On 9 December 2019, the applicant came before the District Court at Beenleigh to be dealt with for the alleged breach of the condition of the recognizance release order that he be of good behaviour for a period of five years.  The following orders were made: (a) the recognizance release order made on 8 August 2019 was revoked; (b) the applicant was ordered to serve that part of each of the terms of imprisonment as previously sentenced that the applicant had not served at the time of his release, namely (1) six months for count 1; and (2) four months for count 2; (c) the terms of imprisonment were ordered to commence on 18 January 2020 as the applicant was serving other terms of imprisonment at the time of the breach proceedings;  and (d) the terms of imprisonment were ordered to be served concurrently.  Accordingly, the applicant’s full-time release date was 18 July 2020.

The application for extension of time within which to appeal was filed on 30 January 2020. Accordingly, the period of extension of time sought by the applicant is not long. However, in the circumstances, I would still not grant an extension for two reasons.
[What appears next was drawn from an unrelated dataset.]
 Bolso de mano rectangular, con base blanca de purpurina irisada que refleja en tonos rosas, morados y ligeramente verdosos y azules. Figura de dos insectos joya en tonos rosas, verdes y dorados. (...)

First, the applicant’s proposed ground of appeal is that the orders made by the District Court on 9 December 2019 revoking the recognizance release order and ordering the applicant to serve the part of each of the terms of imprisonment previously fixed that he had not served, amounts to a second separate punishment to that imposed by the orders made by the District Court on 8 August 2018. The applicant wishes to contend that s 34 of the Human Rights Act 2019, which came into operation on 1 January 2020, prohibited the orders made on 9 December 2019 because they amount to punishment more than once for an offence in relation to which the applicant has already been finally convicted in accordance with law.
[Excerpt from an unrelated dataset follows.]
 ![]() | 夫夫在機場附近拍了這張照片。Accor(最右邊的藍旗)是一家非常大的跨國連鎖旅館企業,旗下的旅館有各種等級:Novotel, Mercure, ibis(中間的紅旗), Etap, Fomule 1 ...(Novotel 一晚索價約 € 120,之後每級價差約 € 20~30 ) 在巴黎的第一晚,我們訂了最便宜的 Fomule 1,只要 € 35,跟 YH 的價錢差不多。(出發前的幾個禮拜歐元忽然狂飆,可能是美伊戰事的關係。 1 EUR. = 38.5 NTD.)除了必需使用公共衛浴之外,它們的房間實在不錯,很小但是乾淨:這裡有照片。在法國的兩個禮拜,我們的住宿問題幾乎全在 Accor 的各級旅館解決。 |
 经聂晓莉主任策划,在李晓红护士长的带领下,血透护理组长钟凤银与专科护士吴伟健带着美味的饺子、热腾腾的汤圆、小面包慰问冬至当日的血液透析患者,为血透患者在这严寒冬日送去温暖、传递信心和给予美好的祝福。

In my view, it is unnecessary to discuss the formidable and, most likely, insurmountable hurdles that such a ground of appeal would face.  They include that (a) the Human Rights Act 2019 expressly provides that it applies to all “Acts”, but the word “Act” is defined in the Acts Interpretation Act 1954 as limited to an act of the Queensland Parliament, whereas the orders of 9 December 2019 were made under the provisions of the Crimes Act 1914 (Cth), an Act of the Commonwealth Parliament; (b) the Human Rights Act 2019 expressly provides that it does not affect proceedings commenced or concluded before the commencement on 1 January 2020; (c) the power of the Supreme Court, where a question of interpretation of a statutory provision in accordance with the Human Rights Act 2019 arises, is limited to a declaration of invalidity, but does not in any way affect the validity of a statutory provision for which the declaration is made; and (d) if s 34, as a law of the State, purported to operate inconsistently with the sentencing provisions of the Crimes Act 1914 under which the orders of 9 December 2019 were made, as a law of the Commonwealth, a question would arise under s 109 of the Constitution.  It is enough to say that the applicant’s prospects of success are so minimal that an extension of time is not warranted.

Second, the circumstances in which this application are brought include that the applicant has already served the period of imprisonment under the orders made on 9 December 2019.  This is not a case where the grant of leave to appeal and eventual success on the appeal would affect a period of imprisonment which the applicant is serving.  In those circumstances, in my view, the application for leave to extend time should be dismissed.

MORRISON JA:  I agree.

MULLINS JA:  I agree.

MORRISON JA:  The order of the Court is that the application for leave to extend time is dismissed.  Thank you.